Watch a Kite Fly....But Perhaps Not For Long

Swooping low and silent over Lake Okeechobee is the Everglade Snail Kite (Kite), preparing to select an apple snail from a water lily in its critical habitat. Lake Okeechobee is home to the endangered Kite, despite the fact that from the year 2000 until the present, the freshwater wetland has experienced extreme weather patterns and been subjected to new water management protocols which have created record low water levels for record lengths of time at increased frequencies. Lake Okeechobee now rarely provides suitable habitat for Kite nesting, or even foraging for that matter, causing the Kite population in Florida to decline from about 3000 individuals in the year 2000 to less than 700 today. “Who cares?,” you may ask.

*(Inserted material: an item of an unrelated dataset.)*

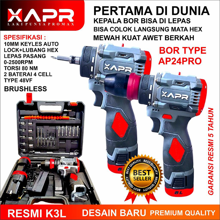 BARU APR bor brushless driver 10mm keyless auto lock type AP24PRO fullset accecoris mesin bor cordless 2 baterai TYPE 48

Well, the Comprehensive Everglades Restoration Plan (CERP), touted as providing a “framework to restore, protect and preserve the water resources of central and southern Florida,” seems to think it is important. You see, CERP, a partnership comprised of the U.S. Army Corps of Engineers and the South Florida Water Management District (SFWMD), has more than 50 performance measures used to assess success in water management for the human population. Only three of these measures rank as “Total System-wide Performance Measures,” and the success of the Everglade Snail Kite is one of them due to its reliance on a properly functioning Everglades ecosystem. Thus, achieving Kite persistence is expected to demonstrate system-wide sustainable restoration, resulting in confidence that needs can be met for the human population.

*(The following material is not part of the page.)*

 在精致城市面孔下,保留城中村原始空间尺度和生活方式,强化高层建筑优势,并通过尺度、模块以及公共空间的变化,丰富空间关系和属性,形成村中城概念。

However, in the month of March 2011, according to the South Florida Water Management District, “the region has received only 47 percent of its historic average rainfall through March 22, or 0.95 inches for a deficit of 1.18 inches,” which “follows the driest October-to-February period in 80 years and a dry season deficit that has reached 7.62 inches as of March 22, 2011.” This is concerning when on considers that “The Big O” is not only the seventh largest freshwater lake in the United States, but also South Florida's backup water supply which is relied upon to replenish drinking water supplies for some communities and tapped for irrigation by sugar cane growers and other farmers. Furthermore, according to the U. S. Census Bureau, Florida's human population will grow by about 12 million people between 2000 and 2030.

So, it seems to follow, if we don’t protect the lake’s traditional water level with higher restrictions and increased conservation, then the federally endangered Everglade Snail Kite (Kite) could be in serious trouble. And where the Kite goes, so may we.